#44 – The same old (CBME) song and dance, my friend 

Dr. Lara Varpio, portrait.
Episode host: Lara Varpio.
(Photo E. Cronberg)

Episode article

Hamza, D. M., Hauer, K. E., Oswald, A., van Melle, E., Ladak, Z., Zuna, I., Assefa, M. E., Pelletier, G. N., Sebastianski, M., Keto-Lambert, D., & Ross, S. (2023). Making sense of competency-based medical education (CBME) literary conversations: A BEME scoping review: BEME Guide No. 78, Medical Teacher, 45(8), 802–815.

Listening to this episode would provide valuable insights into competency-based medical education (CBME) and the complexities surrounding it. The hosts discuss a paper that reports on the conversations in the literature about CBME. The history of those conversations and what they hold for the future of CBME is highlighted.

Episode notes

The following breakdown examines the key components of the study’s methodology and highlights the findings.

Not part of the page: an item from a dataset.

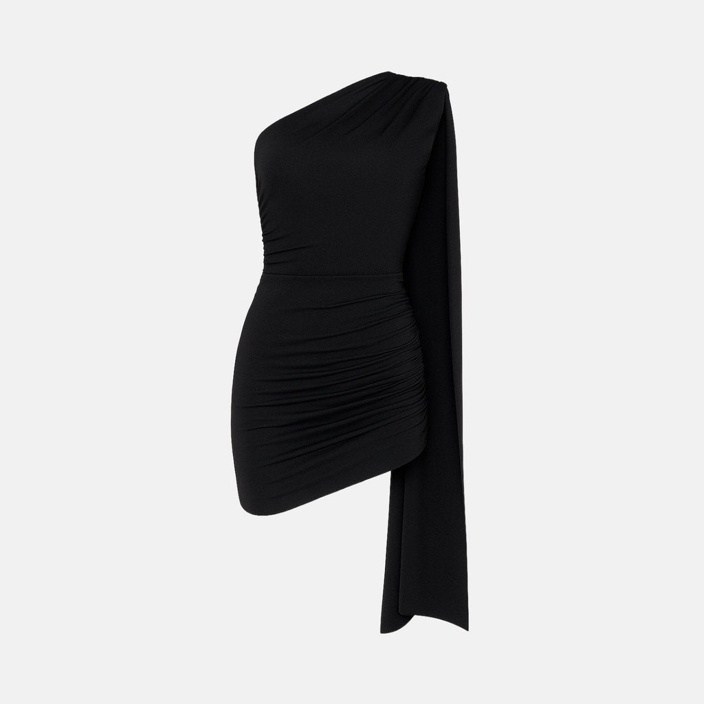 Vestido curto assimétrico de um ombro só. Modelagem ajustada ao corpo com drapeados laterais. Detalhe de faixa longa aplicada no ombro. Barra reta e acabamento interno com costura reforçada.

I recognize that just a few episodes ago we did a paper that talked about the congruences and incongruences between our conceptualizations of CBME and professional identity formation. That conversation got a little spicy, and I got some emails from listeners about that discussion. Some of those emails were celebrating some of our comments. Others were a little less glowing. 

Looking across those emails and across the literature on CBME that I have in my files as “important” publications on the topic, I came to appreciate that the literature about CBME isn’t always consistently working off the same assumptions. Different authors in different contexts frame CBME in different ways. I decided that I wanted to find a paper that would help me to appreciate the diversity of the discourse in our field around CBME and to consider the future of CBME in light of that diversity.  


What are some important turning points in the history of CBME that got us where we are today? What has gone well? What is misunderstood? What frustrates you?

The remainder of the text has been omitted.